Date of Award:

1-1-1990

Document Type:

Thesis

Degree Name:

Master of Science (MS)

Department:

Family, Consumer, and Human Development

Advisor/Chair:

Brent C. Miller

Abstract

There is a large amount of evidence suggesting a need to educate children concerning sexual issues. The extent of adolescent pregnancy, sexually transmitted diseases, and the spread of AIDS are all indicators of the lack of appropriate education. In view of these social concerns, along with the controversy concerning sex education taught in school, it would seem to be helpful if parents provided more adequate sex education. Parents are a primary source of sex education for their children, but many parents lack knowledge and feel inadequate in this role. Without appropriate sex education, children turn to other sources for answers to their sexual questions. These sources can provide false and sometimes harmful information to children.

One hundred and seventy parents from Cache Valley, Utah, were interviewed over the phone to ascertain their views regarding sex education for their children.
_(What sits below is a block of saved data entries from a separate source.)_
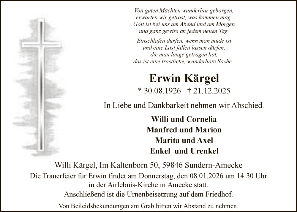 Hier finden Sie alle Traueranzeigen aus der Zeitung, die bisher für Erwin Kärgel erschienen sind. Weitere Traueranzeigen, die in der Zeitung erscheinen, werden hier ebenfalls aufgelistet
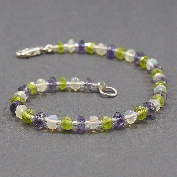 At a Great PriceConfidence Bracelet, Green Blue, Bracelet, Iolite, Vesuvianite, Opal, Energy Layer Delicate, Gift for Her, Gift for Women, Gift for Wife 3.5mm Code- WAR6534
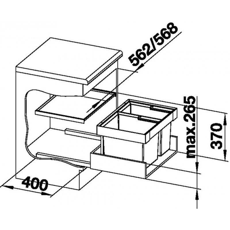 - Einbauhöhe 370 mm oberhalb Schubkastenboden, Einbautiefe 400 mm.
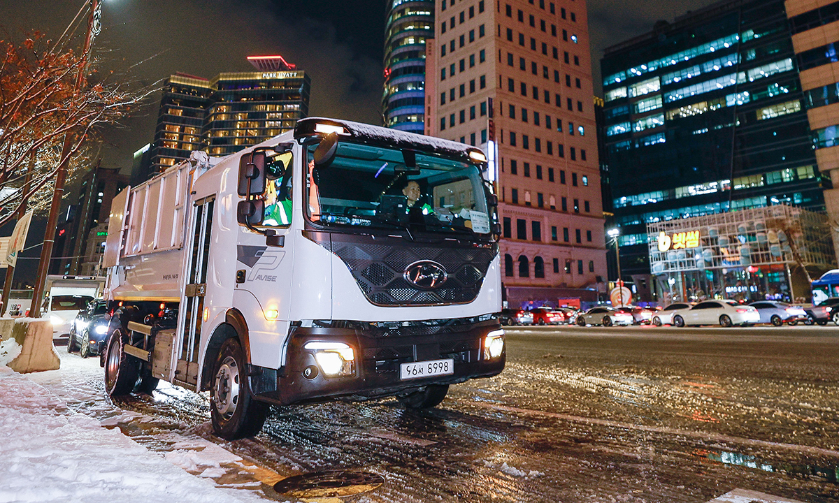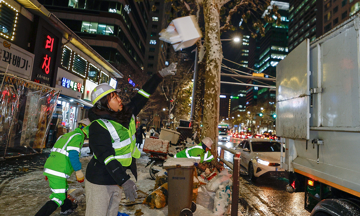 서울에 첫눈이 내린 지난 4일 오후 8시40분. 강남구에 영하 10도의 바람이 불었다. 눈으로 질척해진 봉은사로 8차선 도로 위로 차량이 길게 늘어서 있다. 차로 5분 거리인 강남구청역에서 코엑스 앞까지 그날 밤은 30분이 걸렸다. 나씨와 이씨는 청소차 뒤편까지 걸어가 쓰레기를 실을 여유가 없다. 작업 시간을 줄이기 위해 쓰레기를 어깨 위로 던지는 일을 반복했다.
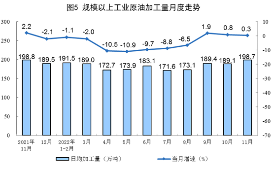 原油加工增速略有放缓。11月份,加工原油5961万吨,同比增长0.3%,增速比上月放缓0.5个百分点,日均加工198.7万吨。1—11月份,加工原油61599万吨,同比下降3.9%。
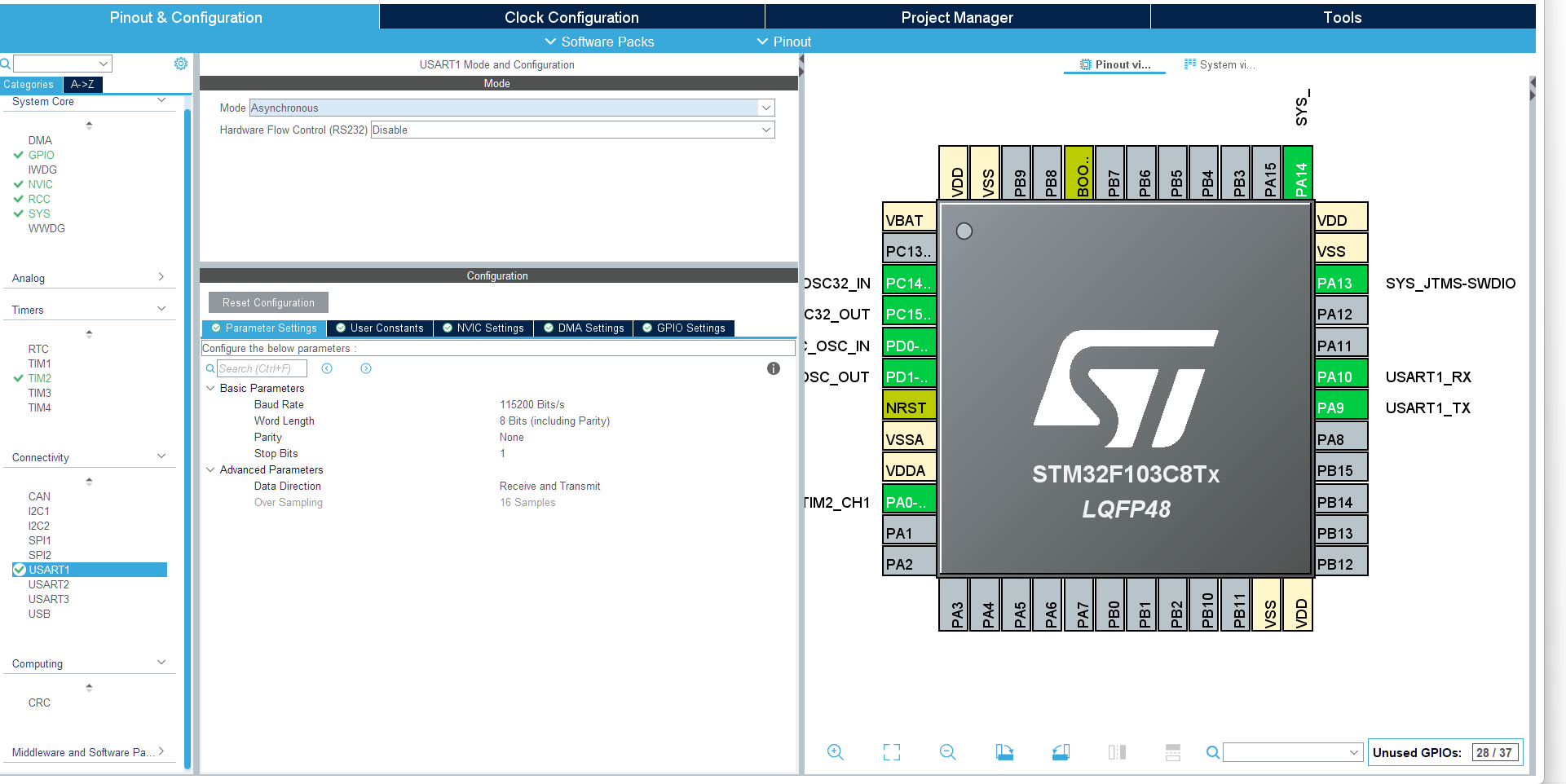要启用中断回调函数必须在配置串口时配置串口的中断,图中的nvic,当使用非阻塞式接收函数和发送函数带IT的函数,就会进入这个函数,这个函数是所有串口共用的,使用时要判断是那个串口触发的这个函数
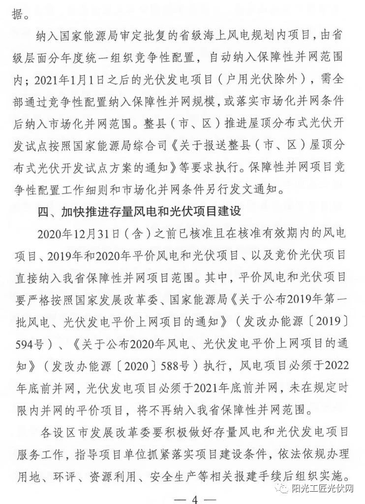 2020年12月31日(含)之前已核準且在核準有效期內的風電項目、2019年和2020年平價風電和光伏項目、以及競價光伏項目直接納入我省保障性并網項目范圍。其中,平價風電和光伏項目要嚴格按照國家發展改革委、國家能源局《關于公布2019年第一批風電、光伏發電平價上網項目的通知》(發改辦能源〔2019〕594號)、《關于公布2020年風電、光伏發電平價上網項目的通知》(發改辦能源〔2020〕588號)執行,風電項目必須于2022年底前并網,光伏發電項目必須于2021年底前并網,未在規定時限內并網的平價項目,將不再納入我省保障性并網范圍。
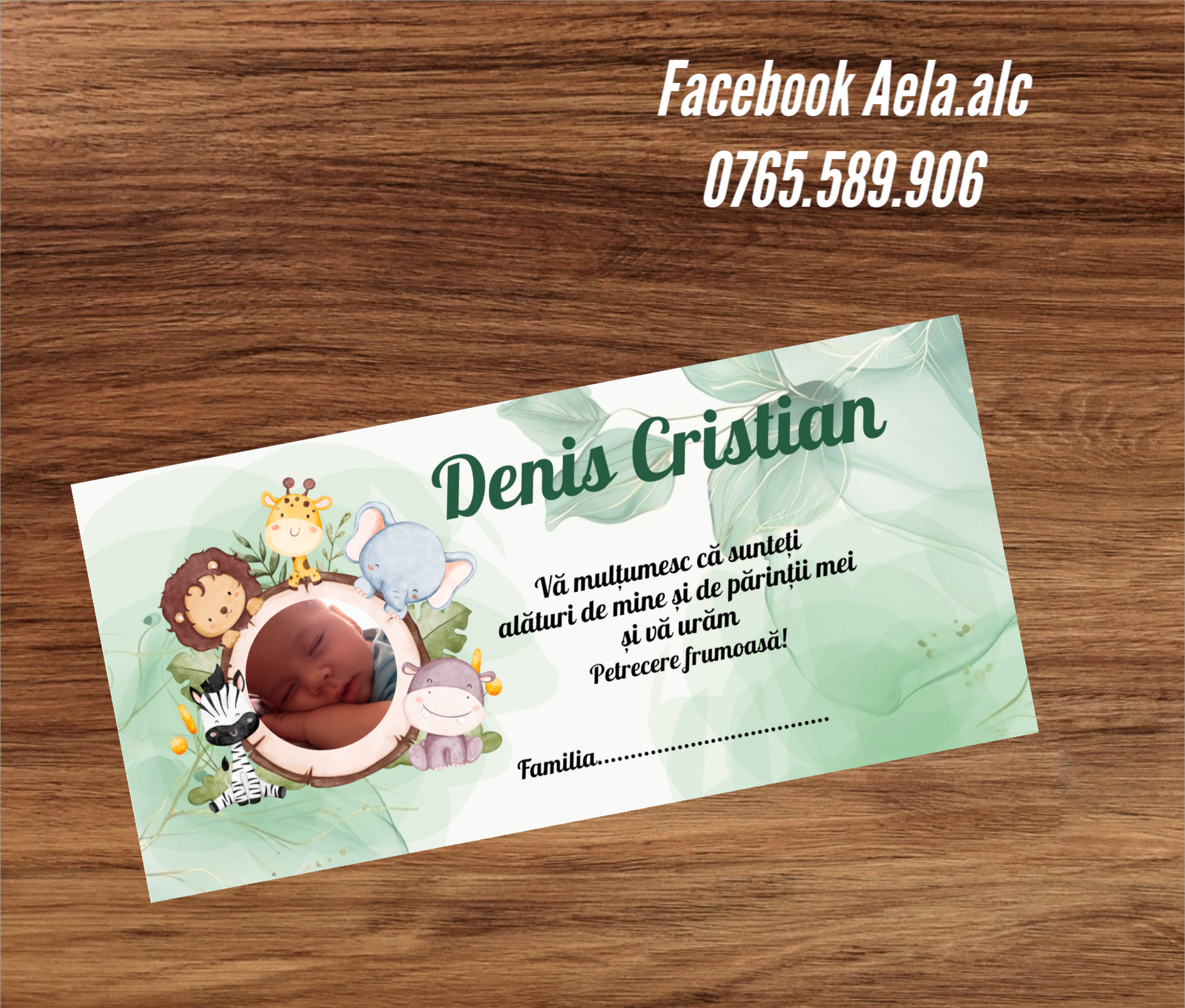 Plic de bani botez Animale safari cu poza bebe cod 117

Parental adequacy as sex educators, ages and places parents would prefer their children be taught sexual issues, and content areas and materials parents would find most useful in teaching sex education were all evaluated. The results indicate that participants view themselves as better sex educators than their parents were. Overall parents prefer that sexual anatomy be taught at the youngest age and birth control at the latest age. Parents also prefer that sexual topics should be taught in the home, and many feel comfortable with sexual issues being taught both at home and at school. Parents prefer that topics including "everything," factual information, abstinence, and sex as positive should be included within a sex education program. On the other hand, they prefer that explicit or graphic materials, birth control, and sex as negative should not be included within a sex education program. They would also prefer a program in the home utilizing a combination of print and video materials.